Due to the increasing complexity of business challenges, evolving consumer needs, geopolitical tensions, social unrest, and globally accessible talent, tech leaders must rethink their influencing strategy with stakeholders to get things done. Today’s innovation requires tech leaders to think beyond their organizational charts and work across boundaries, disciplines, and diverse perspectives to deliver integrated products, services, and solutions that delight the customer. To successfully bring your vision to life—get resources, energize talent, align stakeholders and improve execution, you must think like a CEO and deliver like an entertainer. To think like a CEO is focused on your company’s purpose, direction, value proposition to customers, strategic decisions, goals and objectives, and key results. To deliver like an entertainer focuses on your relationship with your stakeholders. Both are equally important to become an influential tech leader.
Think like a CEO:
To become an influential tech leader, especially in large organizations, you must learn to think like a CEO—it goes beyond making money. CEOs think systematically and create value for all their stakeholders—the Board of Directors, shareholders, employees, customers, local communities, and meet societal expectations(support environmental, social, and governance issues). To manage the expectations of these diverse stakeholders, great CEOs assume the role of conductor—they seek unity, not uniformity, to transform the noise into music. Similarly, tech leaders must become skilled in managing and creating value for all their stakeholders. It requires shifting your focus from a siloed perspective to creating value for the entire system. Adopting this mindset will broaden your views and knowledge of the business. And it will demonstrate that you are thinking of the business of today and tomorrow.

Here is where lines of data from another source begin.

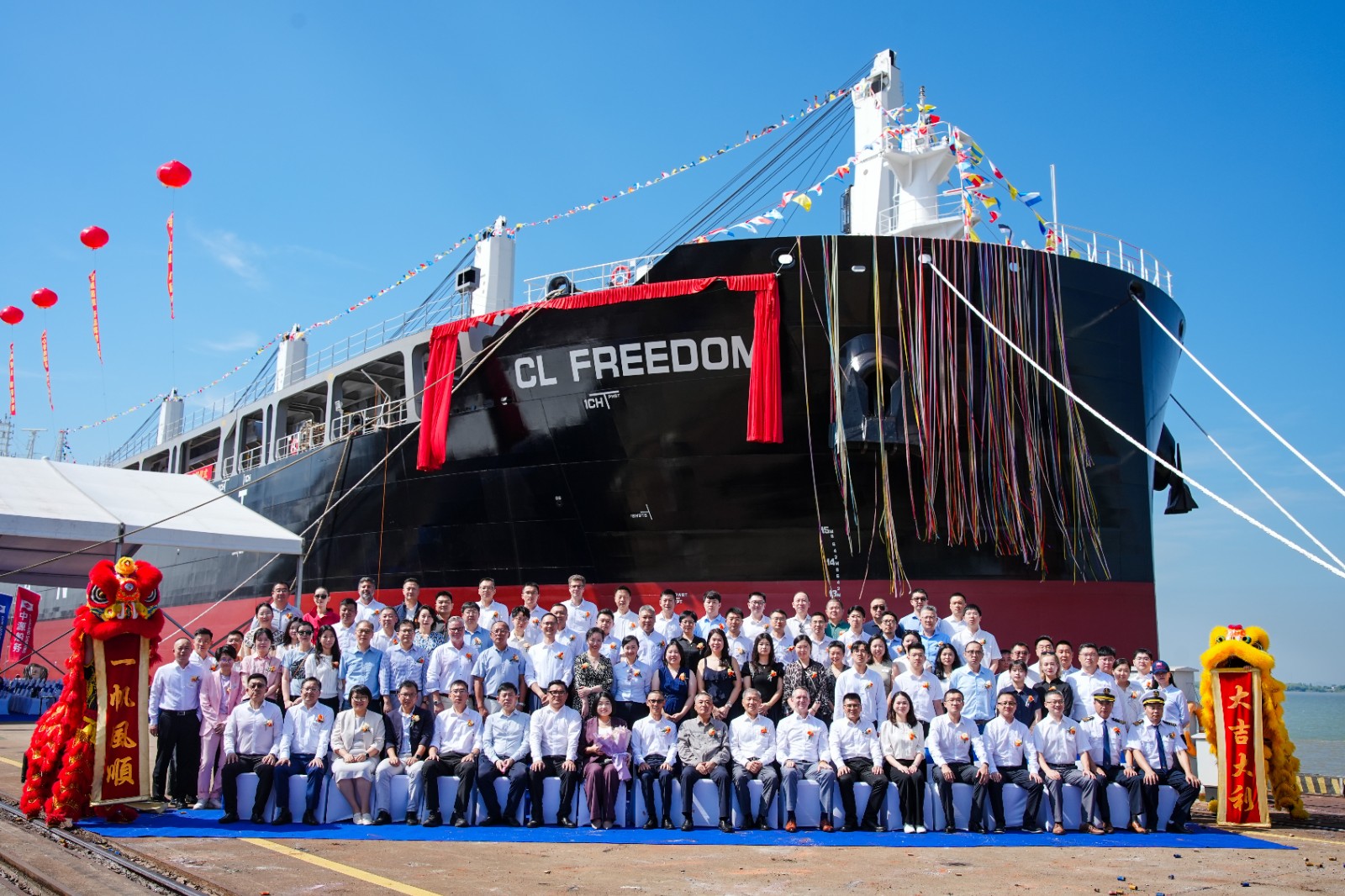 2025年8月26日,江苏泰州口岸船舶有限公司码头彩旗飘扬、舞狮欢腾,中源船务6.2万载重吨多用途重吊船系列首制船 “自由轮(CL FREEDOM)”成功命名交付。
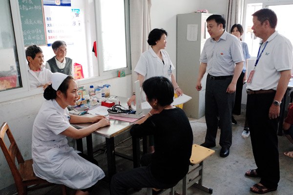 在医疗室,王章来详细了解了安置群众当前的健康状况,并鼓励医护人员,他说:“你们这是在做好事,让转移群众能量血压、量体温、能看病,群众都说你们做的好!”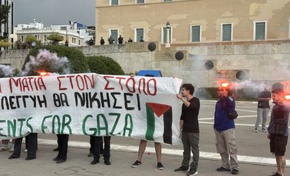 Atina'da düzenlenen genel grev kapsamında bir araya gelen Students for Gaza üyeleri, parlamento binası önünde Küresel Sumud Filosu'na destek pankartı açtı ve Gazze'ye yönelik ablukayı kırma girişimine dayanışma mesajı verdi.

In Mandela’s words, “If you talk to a man in a language he understands, that goes to his head. If you talk to him in his own language, that goes to his heart.” Influential CEOs understand and speak the language of their stakeholders. To speak the language of your stakeholders, consider the wise words of Ram Charan, a world-renowned business advisor, speaker, and author of What the CEO Wants You to Know. “Invest time in developing your business acumen—understand how your business works and makes money.” Increasing your business acumen will enable you to have meaningful discussions with your stakeholders.
According to Charan, it is essential for tech leaders to understand the financial aspects of their ideas and not leave them to the finance department. So, when communicating with your stakeholders, have you taken the time to understand how your idea fits your organization’s strategy? Is there a sizeable market for it? Do you have the right talent and culture to execute your vision? Does your idea have an edge over competitors? Is it going to support existing product lines and conserve money, or is it consume cash? How is society going to improve with this idea? Doing your due diligence before speaking with stakeholders will build trust and increase your chances of success.
Deliver like an entertainer:
Entertainers have one goal: to share their talents in a way that creates memorable experiences for their fans. For this to happen, entertainers must believe they have something to offer, be authentic, and care about their audience. Great entertainers measure their success by connecting with the crowd, not just performing. According to Gerald Klictstein, author of The Musician’s Way, “The performers who connect from the stage establish emotional relationships with their audiences.” During coaching or consulting sessions, I often hear why is networking so important when the data should speak for itself?
Greek philosopher, Aristotle, believed that persuasion and influencing occur when a speaker connects with the whole person—to reason, emotion, and character. Great entertainers use this technique to relate to and win over their audience. Similarly, what would happen to the quality and delivery of your presentations if you measured success not by getting through all the slides or displaying your brilliance? What if you chose to measure success by seeing the world through their eyes and then carrying them along with you.
So, how can tech leaders build this emotional connection with their stakeholders? For starters, it’s not about you. People will only play along when they know that you care about them first and you understand what’s in it for them. Consider the additional tips as you embark on your journey:
Inquire: Practice active listening. Seek to understand the pain points and the job your stakeholders are trying to do before advocating for your interests. Second, highlight what they and their teams will benefit from supporting your idea.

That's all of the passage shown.